This chart from Our World in Data tracks the history of AI through the amount of computation power used to train an AI model, using data from Epoch AI.
The Three Eras of AI Computation
In the 1950s, American mathematician Claude Shannon trained a robotic mouse called Theseus to navigate a maze and remember its course—the first apparent artificial learning of any kind.
Theseus was built on 40 floating point operations (FLOPs), a unit of measurement used to count the number of basic arithmetic operations (addition, subtraction, multiplication, or division) that a computer or processor can perform in one second.
Computation power, availability of training data, and algorithms are the three main ingredients to AI progress. And for the first few decades of AI advances, compute, which is the computational power needed to train an AI model, grew according to Moore’s Law.
Period | Era | Compute Doubling |
---|---|---|
1950–2010 | Pre-Deep Learning | 18–24 months |
2010–2016 | Deep Learning | 5–7 months |
2016–2022 | Large-scale models | 11 months |
Source: “Compute Trends Across Three Eras of Machine Learning” by Sevilla et. al, 2022.
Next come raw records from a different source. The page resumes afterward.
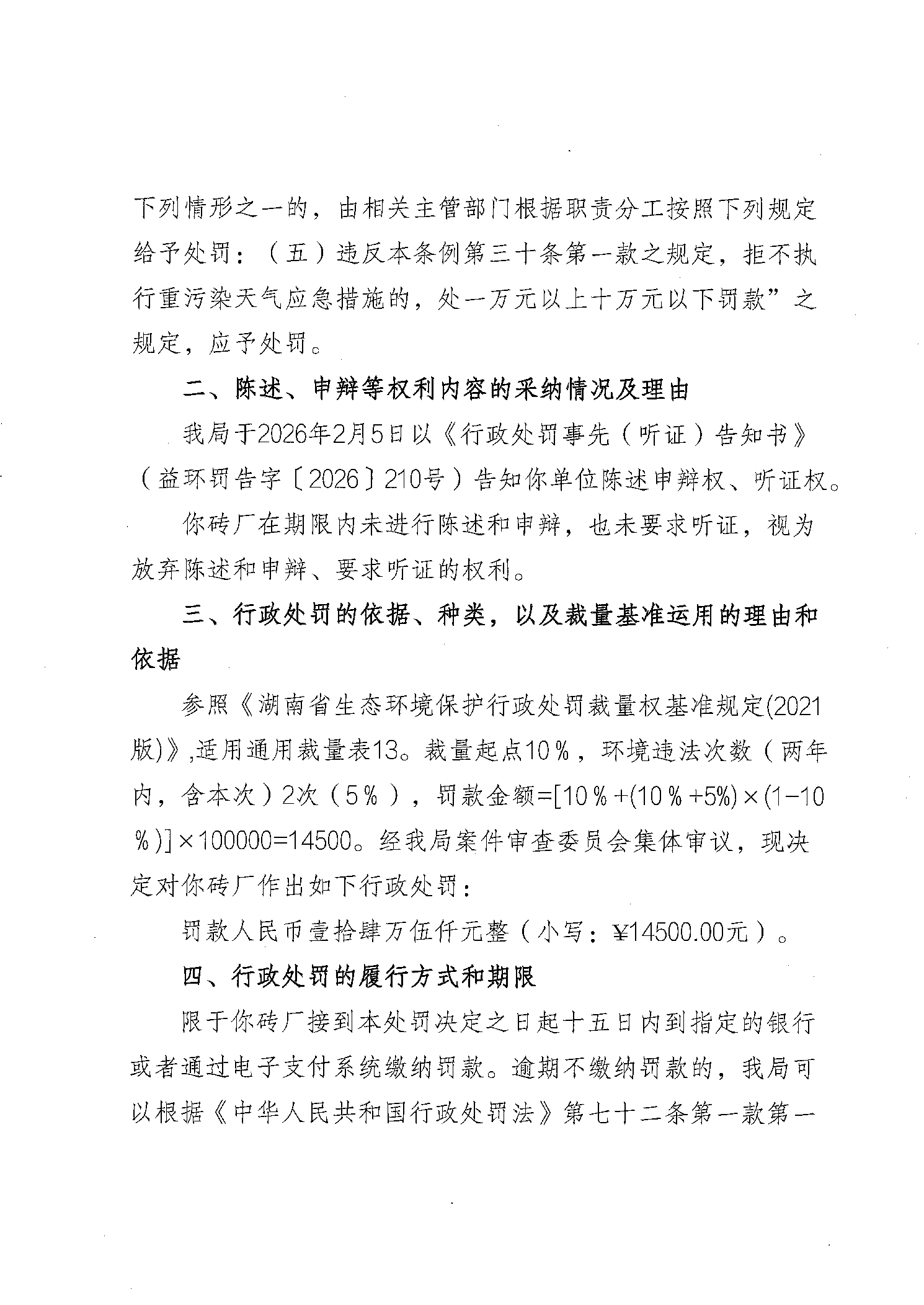 行政处罚决定书 益环罚决字〔2026〕210号 兴盛环保砖厂
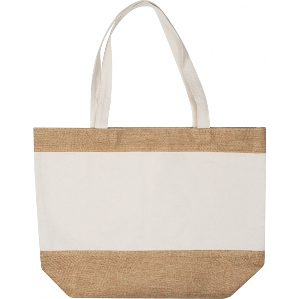 Puuvillast ja džuudist valmistatud keskkonnasõbralik pikkade sangadega rannakott. Kõik teie rannareisi jaoks sobib siia. Teie logo trükitakse ühele küljele.
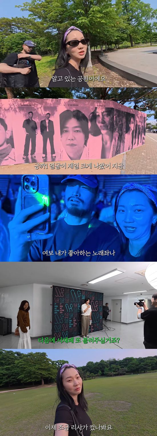 장윤주가 올림픽 공원을 찾은 이유는 서울재즈페스티벌(이하 서재페)에 참여한 이상순 공연을 보기 위해서. 그는 벽면에 붙여진 이상순의 사진을 보며 "제일 크게 나왔다"라고 이야기했다.
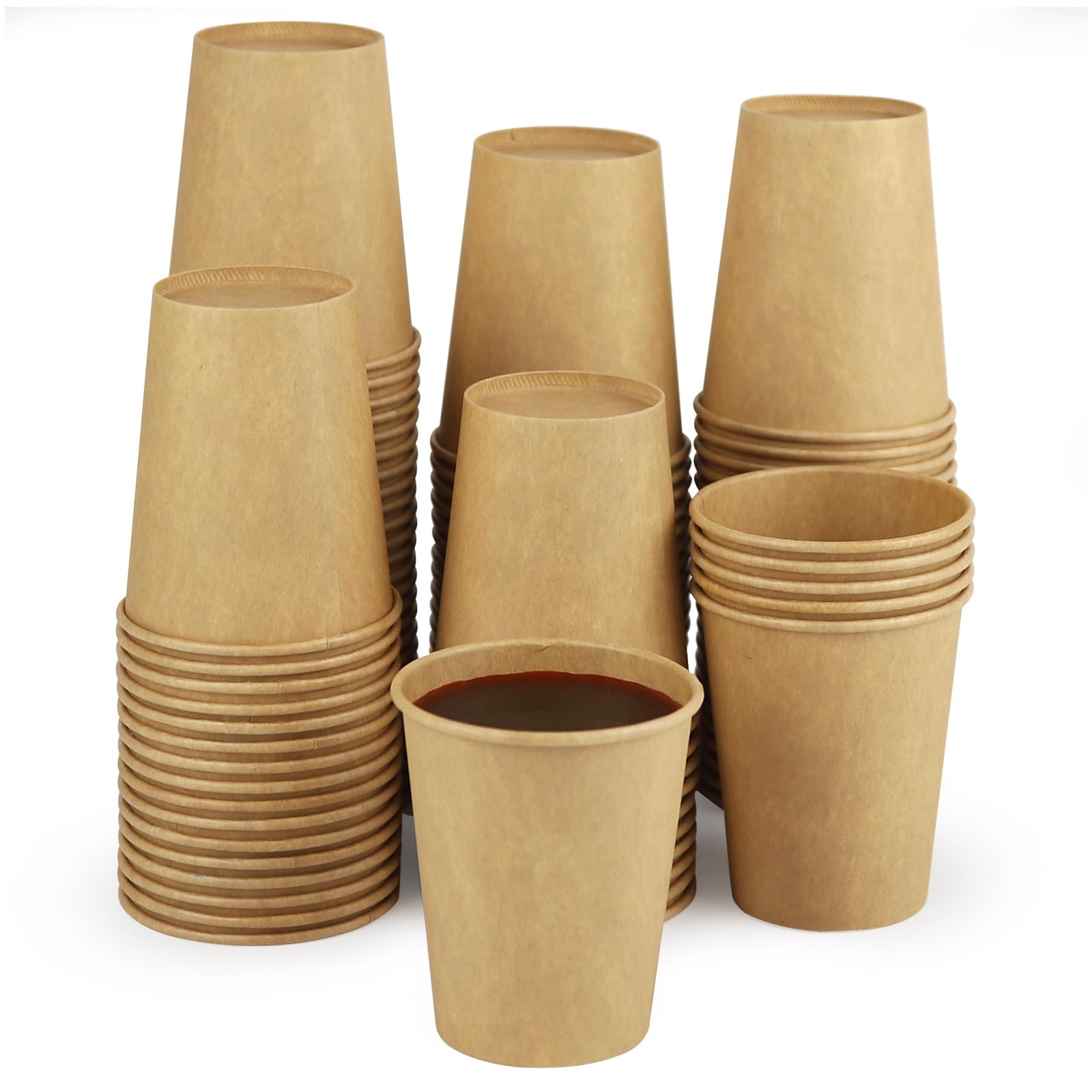 Walasaso Paper Cups, 50 Pack 8 Oz Kraft Paper Coffee Cups, Disposable Cups for Hot or Cold Beverage, Paper Cups 8 Oz for Office Home Party

However, at the start of the Deep Learning Era, heralded by AlexNet (an image recognition AI) in 2012, that doubling timeframe shortened considerably to six months, as researchers invested more in computation and processors.
With the emergence of AlphaGo in 2015—a computer program that beat a human professional Go player—researchers have identified a third era: that of the large-scale AI models whose computation needs dwarf all previous AI systems.
Predicting AI Computation Progress
Looking back at the only the last decade itself, compute has grown so tremendously it’s difficult to comprehend.
For example, the compute used to train Minerva, an AI which can solve complex math problems, is nearly 6 million times that which was used to train AlexNet 10 years ago.
Here’s a list of important AI models through history and the amount of compute used to train them.
AI | Year | FLOPs |
---|---|---|
Theseus | 1950 | 40 |
Perceptron Mark I | 1957–58 | 695,000 |
Neocognitron | 1980 | 228 million |
NetTalk | 1987 | 81 billion |
TD-Gammon | 1992 | 18 trillion |
NPLM | 2003 | 1.1 petaFLOPs |
AlexNet | 2012 | 470 petaFLOPs |
AlphaGo | 2016 | 1.9 million petaFLOPs |
GPT-3 | 2020 | 314 million petaFLOPs |
Minerva | 2022 | 2.7 billion petaFLOPs |
Note: One petaFLOP = one quadrillion FLOPs. Source: “Compute Trends Across Three Eras of Machine Learning” by Sevilla et. al, 2022.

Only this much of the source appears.